## Your task
Would you repeat the listing exactly, without any of its images?

## Given data
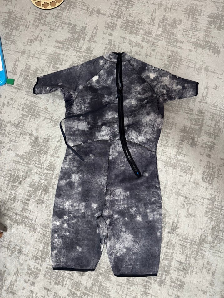gri tie-dye desenli, yüksek yakalı, kısa kollu dalgıç sörf kiyafeti sayili giyildi sifir ayarinda kusuru yok
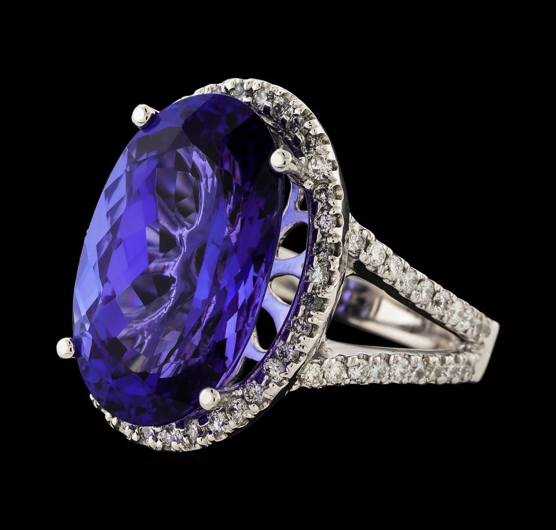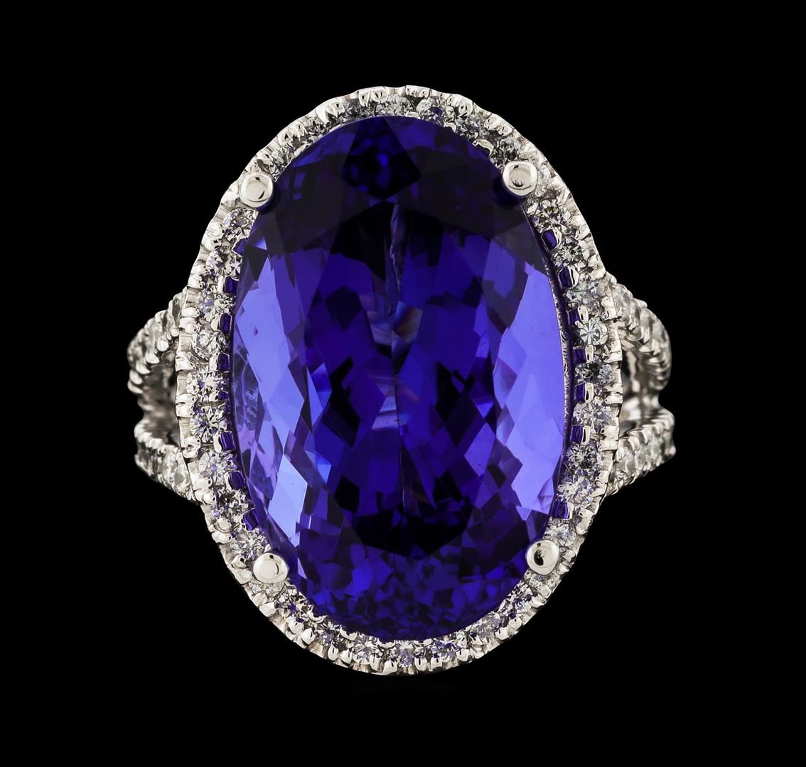 One electronically tested 14KT white gold lady's cast fashion ring with a split cathedral shank with a halo with a bright polish finish. The featured lady's ring has a shank measuring 2.77 millimeters wide. Identified with markings of '14K'. Condition is new, good workmanship. Containing: One prong set oval modified brilliant cut natural tanzanite, measuring 18.28 x 11.44 x 8.25mm, (depth est.) approximate weight of 12.38ct., clarity is eye clean, medium dark, moderately strong, violetish blue color, (GIA vB 6/4), cut is very good. Transmitting light with no distortion, transparent. Colored gemstones are presumed to have been subjected to commonly used enhancement processes. Graded in the setting. Seventy-Six prong set round brilliant cut diamonds, measuring 1.40 - 1.35 x 0.86mm (depth est.) approximate total weight of 76 Stones = 0.75ct. Graded in the setting. Clarity VS-2 to SI-2. Color: H - I Cut Good. Total Weight of Colored Stones 12.38ct.. Total Weight of Diamonds 0.75ct.. Total Weight of Ring 9.40gm. GAS Appraised at $22,565.00.
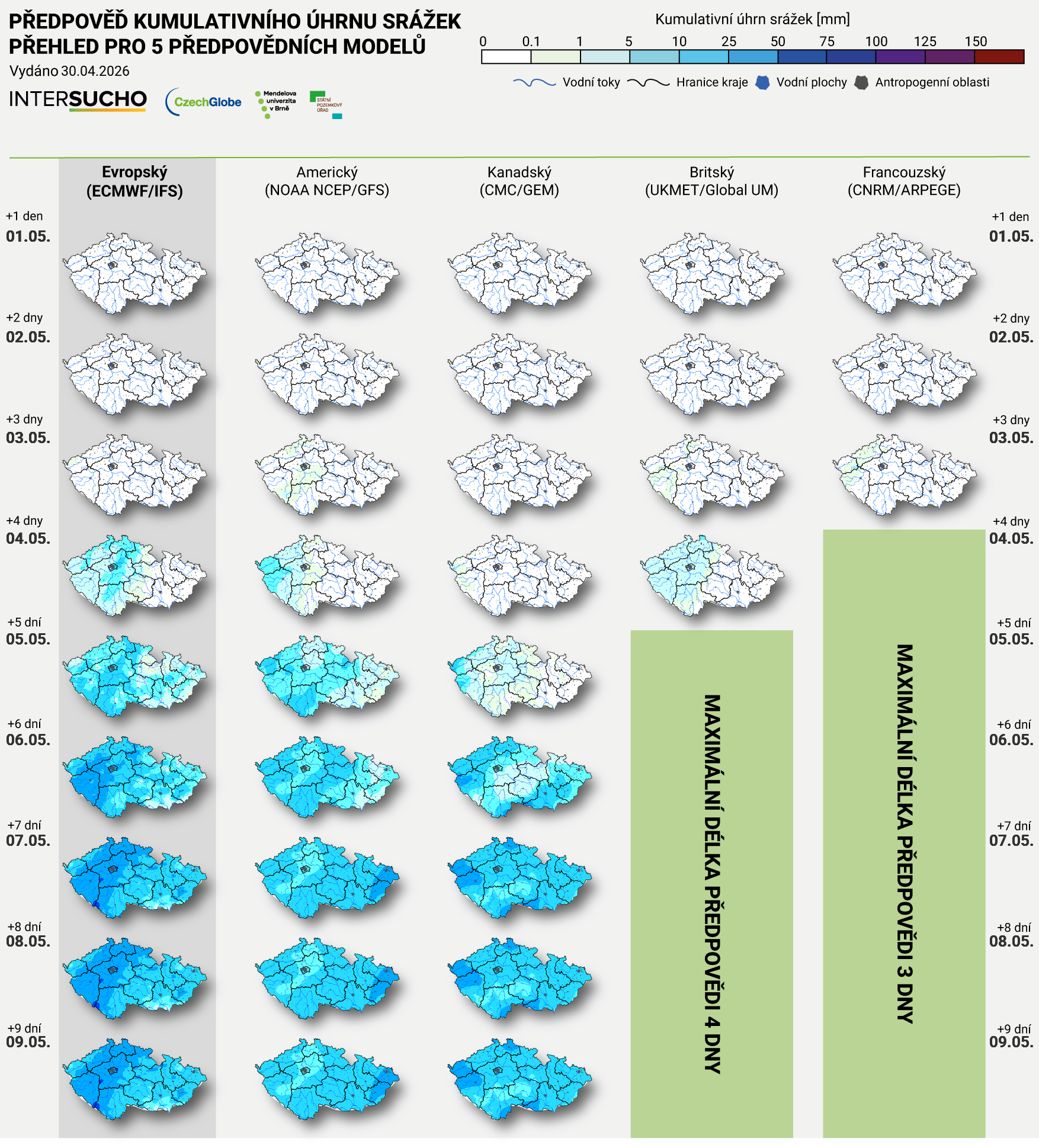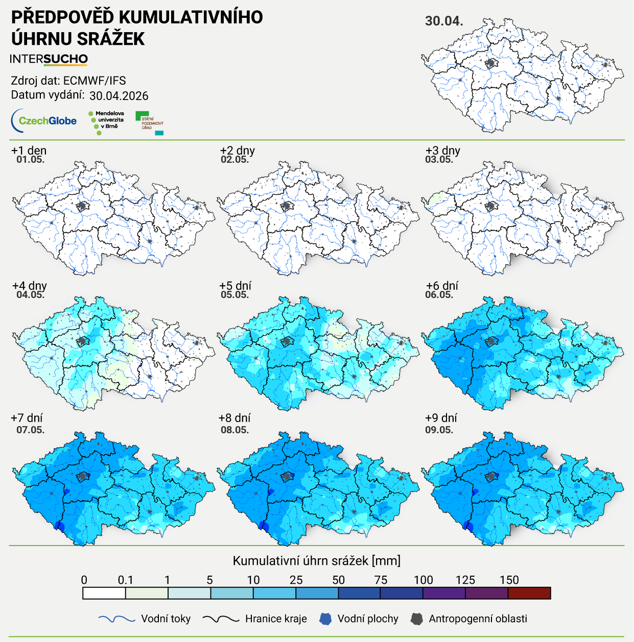 V tomto týdnu (od 27. 4. 2026) bude území Česka hlavně pod vlivem tlakové výše nad Severním mořem, která se začne přesouvat více do střední Evropy. S ohledem na to bude na naše území proudit spíše chladnější vzduch od severu. Bohužel modely tento týden neočekávají žádné srážky. Teploty budou do čtvrtka relativně nižší. Nejchladnějšími dny by měly být středa a čtvrtek s maximy okolo 10–15 °C. Poté se začne oteplovat. O víkendu se mohou teploty vyšplhat i přes 20 °C. Noční teploty se budou často pohybovat mezi 3–6 °C. Ve čtvrtek ráno však mohou klesnout pod bod mrazu. Vzhledem k tomu, že by tento týden nemělo pršet, očekává se, že se půdní sucho bude výrazně rozšiřovat. Ve vrstvě do 40 cm bude na většině území republiky odchylka půdní vlhkosti od obvyklého stavu výrazná až extrémní. Na mnoha místech budou hodnoty relativní půdní vlhkosti už nižší než 30 %. V hlubších vrstvách bude nepříznivá situace nadále hlavně na Českomoravské vrchovině a obecně ve středních a vyšších polohách.

## Written solution
gri tie-dye desenli, yüksek yakalı, kısa kollu dalgıç sörf kiyafeti sayili giyildi sifir ayarinda kusuru yok
 One electronically tested 14KT white gold lady's cast fashion ring with a split cathedral shank with a halo with a bright polish finish. The featured lady's ring has a shank measuring 2.77 millimeters wide. Identified with markings of '14K'. Condition is new, good workmanship. Containing: One prong set oval modified brilliant cut natural tanzanite, measuring 18.28 x 11.44 x 8.25mm, (depth est.) approximate weight of 12.38ct., clarity is eye clean, medium dark, moderately strong, violetish blue color, (GIA vB 6/4), cut is very good. Transmitting light with no distortion, transparent. Colored gemstones are presumed to have been subjected to commonly used enhancement processes. Graded in the setting. Seventy-Six prong set round brilliant cut diamonds, measuring 1.40 - 1.35 x 0.86mm (depth est.) approximate total weight of 76 Stones = 0.75ct. Graded in the setting. Clarity VS-2 to SI-2. Color: H - I Cut Good. Total Weight of Colored Stones 12.38ct.. Total Weight of Diamonds 0.75ct.. Total Weight of Ring 9.40gm. GAS Appraised at $22,565.00.
 V tomto týdnu (od 27. 4. 2026) bude území Česka hlavně pod vlivem tlakové výše nad Severním mořem, která se začne přesouvat více do střední Evropy. S ohledem na to bude na naše území proudit spíše chladnější vzduch od severu. Bohužel modely tento týden neočekávají žádné srážky. Teploty budou do čtvrtka relativně nižší. Nejchladnějšími dny by měly být středa a čtvrtek s maximy okolo 10–15 °C. Poté se začne oteplovat. O víkendu se mohou teploty vyšplhat i přes 20 °C. Noční teploty se budou často pohybovat mezi 3–6 °C. Ve čtvrtek ráno však mohou klesnout pod bod mrazu. Vzhledem k tomu, že by tento týden nemělo pršet, očekává se, že se půdní sucho bude výrazně rozšiřovat. Ve vrstvě do 40 cm bude na většině území republiky odchylka půdní vlhkosti od obvyklého stavu výrazná až extrémní. Na mnoha místech budou hodnoty relativní půdní vlhkosti už nižší než 30 %. V hlubších vrstvách bude nepříznivá situace nadále hlavně na Českomoravské vrchovině a obecně ve středních a vyšších polohách.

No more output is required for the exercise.